Samedi, au Sommet des Amériques, il a fait noir, très noir, lorsque des centaines de p’tits crisses apolitiques qui s’emmerdent dans leurs banlieues-dortoirs de Québec se sont habillés en noir pour tirer des roches à des policiers qui ont fort bien fait de leur crisser en retour une bonne volée.
Samedi, au Sommet des Amériques, il faisait en fait si noir que lors de la rencontre de commanditaires (lire lobbyistes) avec les chefs d’État, les caméras étaient interdites.
Dimanche matin, au Sommet des Amériques, la mode était au foulard et au masque à gaz. Citoyens et touristes emmenaient la p’tite famille voir les méchants manifestants et la bonne police se tirer des cochonneries et des balles de plastique. Étonnant que personne n’ait installé devant le Grand Théâtre un stand à patates frites.

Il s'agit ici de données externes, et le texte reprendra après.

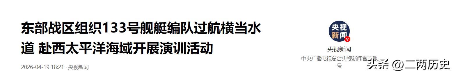 2、《东部战区组织133号舰艇编队过航横当水道 赴西太平洋海域开展演训活动》2026-04-19 18:21·央视新闻。
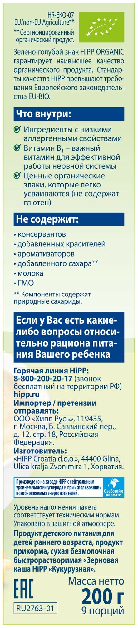 Органическая безмолочная каша HiPP 100% Кукурузная идеально подойдет в качестве первого прикорма для малышей с 5 месяцев. Кукуруза обладает низкоаллергенными свойствами и не содержит глютен. Кукурузная каша обеспечит малыша необходимой энергией и насытит его на длительный период времени.

Dimanche, au Sommet des Amériques, nous avons entendu, en conférence de presse, Jean Chrétien et George Bush suggérer aux opposants au libre-échange de "se faire élire dans un de nos différents parlements plutôt que de contester en troublant la paix".
Nous n’avons entendu personne lui rappeler les magouilles des systèmes électoraux américain et canadien. Personne évoquer des taux d’abstentionnisme monumentaux. Personne évoquer la distance qui sépare les honnêtes gens des violentes passions du pouvoir et des lignes de parti perpétuellement influencées par les lobbys.
Dimanche, communiqué final du Sommet des Amériques. Les exigences de stabilité politique de la Banque mondiale sont devenues une clause démocratique de belle apparence. Rien sur la protection des hommes-marchandises dans le jeu des capitaux et des bourses d’investissements.
Au milieu du Sommet des Amériques, sherpas et décideurs ont fait installer des ventilateurs géants pour souffler au loin les gaz qui risquaient d’indisposer leurs précieux invités, pendant que mon fils toussait dans la cour. J’y vois l’exemple inique du deux poids deux mesures dans lequel se complaisent les Chrétien, Pettigrew, Lamontagne. J’y vois aussi une leçon de savoir-vivre pour les Bouchard, Landry, Ménard, L’Allier, sans parler des ti-clins de la Chambre de commerce qui se pétaient les bretelles en pensant affaires et qui savent maintenant très bien que les dépenses du Sommet vont de loin surpasser ses revenus. Une honte pour tous les naïfs qui nous ont manqué de respect en acceptant que se tienne ici cette démonstration par excellence d’inégalité.